New releases from Brian Leyden, Katie Holten and Albert Perris, covering topics from nature to social history

Brian Leyden, author of Love These Days, published by Lepus Print, the press which he founded. Photograph: Hawk’s Well Theatre
Brian Leyden, author of Love These Days, published by Lepus Print, the press which he founded. Photograph: Hawk’s Well Theatre

Love These Days by Brian Leyden (Lepus Print, €16.99)

Young divorcees are hot! In millennial pop culture at least, they are glamorous, exuberant, if a little chaotic, as in Monica Heisey’s novel, Really Good, Actually. It comes as a bit of a surprise then, that at the age of 31, our childless, soon to-be-divorcee protagonist would seem to be considered “over-the-hill”. Love These Days is the author’s third novel, and the second fiction title from Lepus Print, where the author is also its publisher. It follows Tara, a humanitarian aid worker as she returns to her small Atlantic Island hometown to process the ruins of her marriage to a feckless criminal. The novel explores the politics, romantic entanglements and petty tensions that one could imagine in a tight-knit community. Set against the larger canvas of the west of Ireland, Brexit and the candidacy of Donald Trump, Love These Days, is a little tepid. Brigid O’Dea

The Language of Trees: How Trees Make Our World, Change Our Minds and Rewild Our Lives by Katie Holten (Elliott & Thompson, £16.99)

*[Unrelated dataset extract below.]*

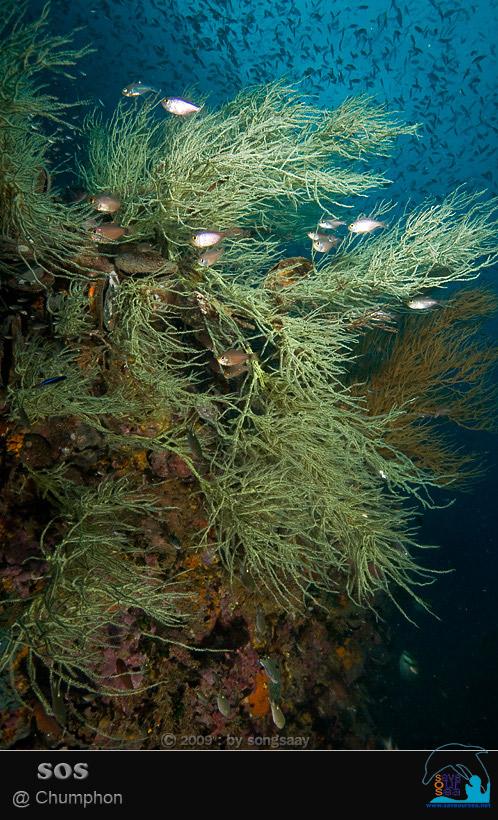 มีอวนติดอยู่ตามกองหินเป็นหย่อมๆ....

Holten is an Irish artist and environmental activist, andher book is an exceptional compendium of arboreal art, prose and poetry. In exploring what could be a weighted issue, in the current climate emergency, the tone is awe not doom. “People exploit what they have merely concluded to be of value, but they defend what they love,” Robert Macfarlane quotes Wendell Berry. Contributors include Ursula K Le Guin, Zadie Smith, Kerri Ní Dochartaigh and surprising guests, Plato and Radiohead. Topics explored are as diverse as the migration of trees, the importance of fungal duff, a recipe for acorn bread, and a particularly interesting call for the animacy of a language of nature and a proposed third pronoun for non-human living beings. All this, in addition to a tree alphabet, devised by the author. A forest of writing to be cherished. Brigid O’Dea

A Ramble About Tallaght: History, People, Places by Albert Perris (O’Brien Press, €29.99)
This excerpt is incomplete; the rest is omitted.